**DIRECTIONS FOR THIS TASK**
All of the data should be given again word for word, though the images are to be left out.

**AVAILABLE DATA**
########################################

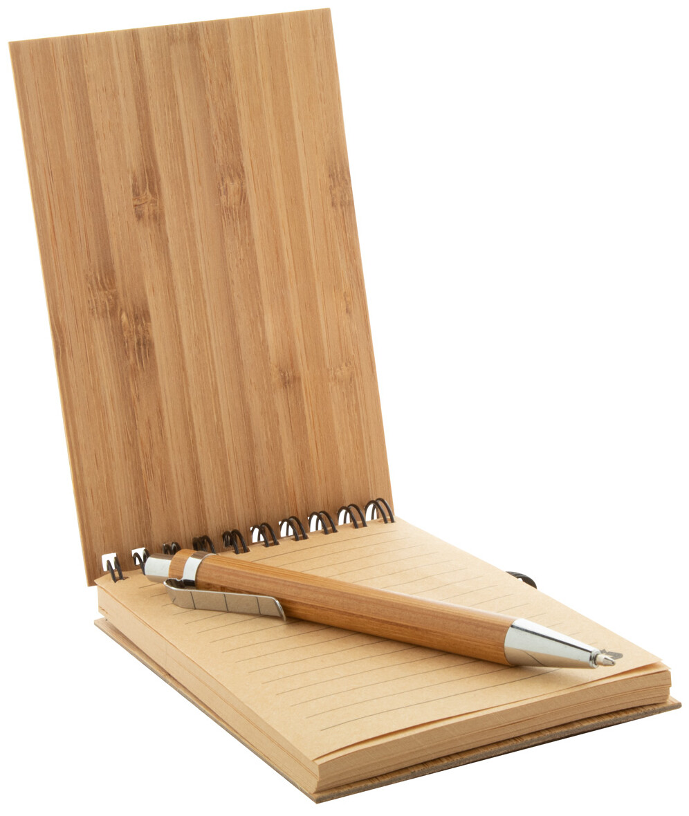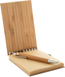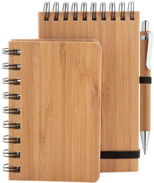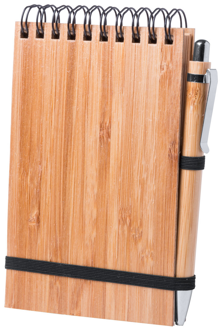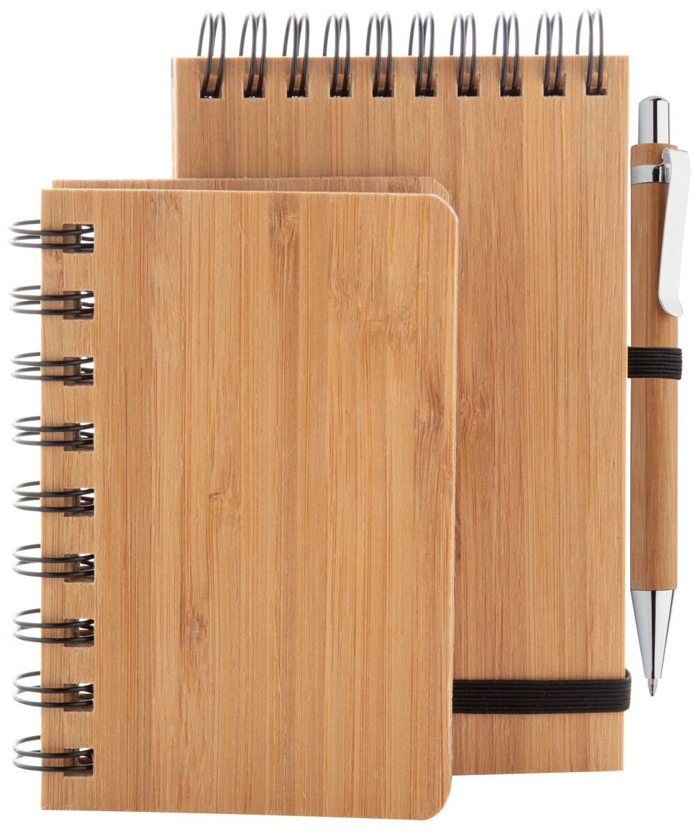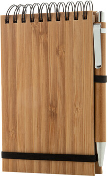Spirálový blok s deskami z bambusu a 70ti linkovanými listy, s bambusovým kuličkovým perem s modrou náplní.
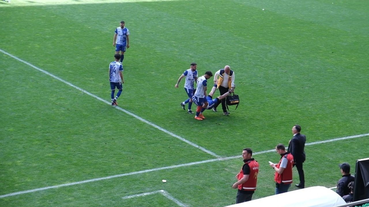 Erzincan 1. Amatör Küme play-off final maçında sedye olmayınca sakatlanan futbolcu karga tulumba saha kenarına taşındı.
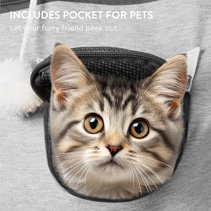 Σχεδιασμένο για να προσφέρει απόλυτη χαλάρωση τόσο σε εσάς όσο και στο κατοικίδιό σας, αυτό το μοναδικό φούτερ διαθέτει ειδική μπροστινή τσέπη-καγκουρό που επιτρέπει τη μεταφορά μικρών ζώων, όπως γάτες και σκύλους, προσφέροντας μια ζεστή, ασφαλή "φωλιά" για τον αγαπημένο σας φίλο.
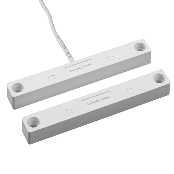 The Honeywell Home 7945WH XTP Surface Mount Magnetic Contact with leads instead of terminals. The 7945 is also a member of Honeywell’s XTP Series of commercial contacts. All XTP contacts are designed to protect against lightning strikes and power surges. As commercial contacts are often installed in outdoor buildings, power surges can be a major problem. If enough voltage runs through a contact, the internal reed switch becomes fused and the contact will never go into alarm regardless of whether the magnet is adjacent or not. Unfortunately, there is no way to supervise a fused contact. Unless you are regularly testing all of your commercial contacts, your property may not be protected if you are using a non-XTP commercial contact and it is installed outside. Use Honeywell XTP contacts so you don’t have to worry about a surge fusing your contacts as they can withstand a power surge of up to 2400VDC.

########################################

**RESPONSE BOX**
Spirálový blok s deskami z bambusu a 70ti linkovanými listy, s bambusovým kuličkovým perem s modrou náplní.
 Erzincan 1. Amatör Küme play-off final maçında sedye olmayınca sakatlanan futbolcu karga tulumba saha kenarına taşındı.
 Σχεδιασμένο για να προσφέρει απόλυτη χαλάρωση τόσο σε εσάς όσο και στο κατοικίδιό σας, αυτό το μοναδικό φούτερ διαθέτει ειδική μπροστινή τσέπη-καγκουρό που επιτρέπει τη μεταφορά μικρών ζώων, όπως γάτες και σκύλους, προσφέροντας μια ζεστή, ασφαλή "φωλιά" για τον αγαπημένο σας φίλο.
 The Honeywell Home 7945WH XTP Surface Mount Magnetic Contact with leads instead of terminals. The 7945 is also a member of Honeywell’s XTP Series of commercial contacts. All XTP contacts are designed to protect against lightning strikes and power surges. As commercial contacts are often installed in outdoor buildings, power surges can be a major problem. If enough voltage runs through a contact, the internal reed switch becomes fused and the contact will never go into alarm regardless of whether the magnet is adjacent or not. Unfortunately, there is no way to supervise a fused contact. Unless you are regularly testing all of your commercial contacts, your property may not be protected if you are using a non-XTP commercial contact and it is installed outside. Use Honeywell XTP contacts so you don’t have to worry about a surge fusing your contacts as they can withstand a power surge of up to 2400VDC.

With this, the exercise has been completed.